MK, Gendler SJ, Morris JC: In vivo radioiodide imaging and treatment of breast cancer xenografts after MUC1-driven expression of the sodium iodide symporter. Clin Cancer Res 2005, 11:1483–1489.PubMedCrossRef Competing interests No competing financial interests exist for Kyong-Hwa Jun, Tae-Jin Song, Sepideh Gholami, Joyce Au, Dana Haddad, Carson Joshua, Chun-Hao Chen, Kelly Mojica, Pat Zanzonico, and Yuman Fong. Nanhai G. Chen, Qian Zhang, and Aladar A. Szalay are affiliated with Genelux Corporation.

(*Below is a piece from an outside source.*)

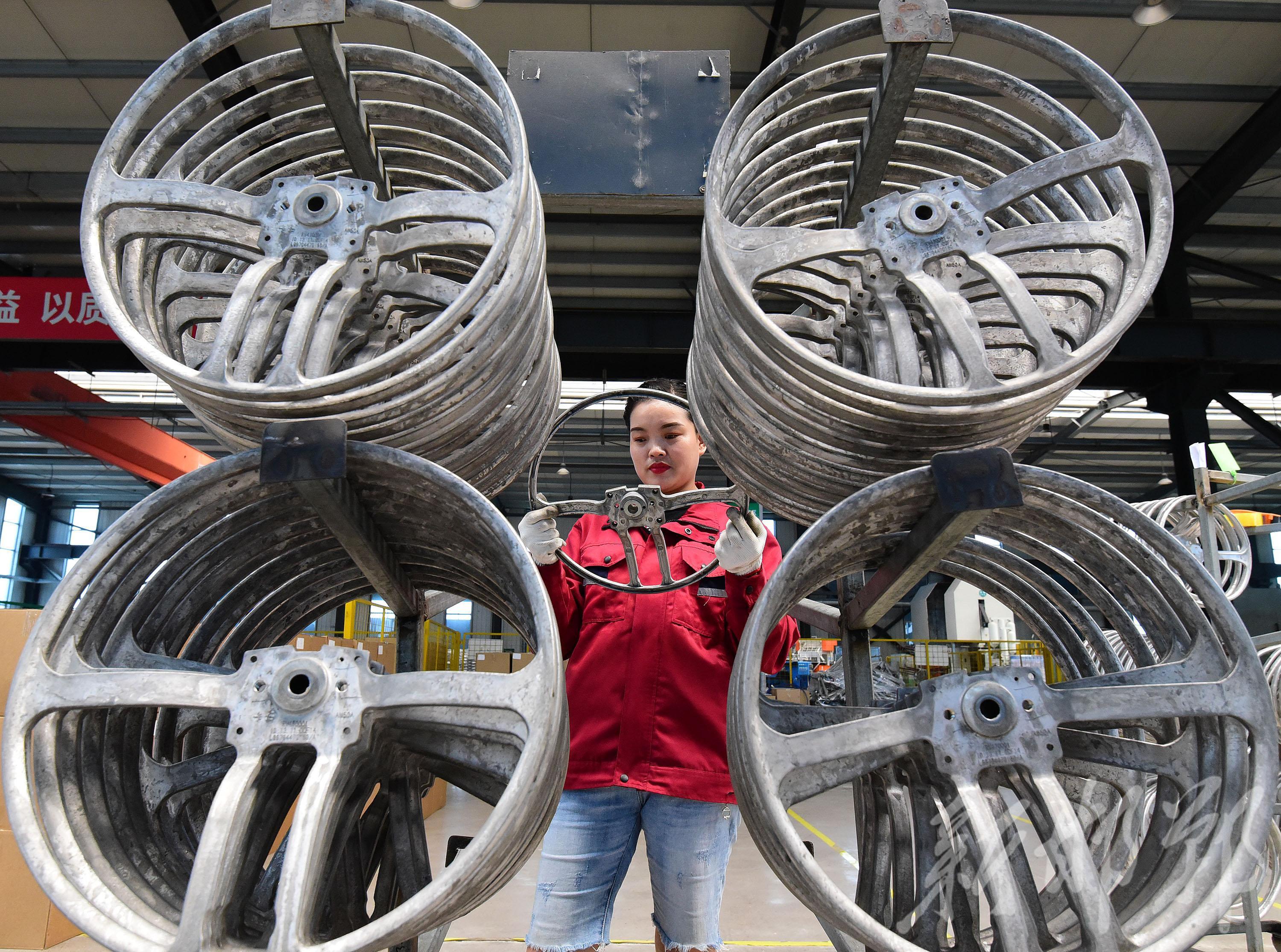 图为位于峰峰矿区的邯郸二宁禾科技股份有限公司内,工人在检查汽车方向盘骨架质量。 邯郸新闻传媒中心记者 郝群英 摄

Authors’ contributions SG assisted with the write up of the manuscript. TS assisted in the in vivo experiments and contributed to the study design. JA contributed to the cytotoxicity assay. DH contributed to the in vivo PET and SPECT imaging. JC contributed to fluorescent imaging. CC contributed to the statistical analysis of the data. KM contributed to the viral replication assay. PZ contributed to the study design and radioactive imaging experiments. NC and QZ contributed to the viral sequence and construct. AS and YF contributed to the study design and completion of the manuscript. All authors read and approved the final manuscript.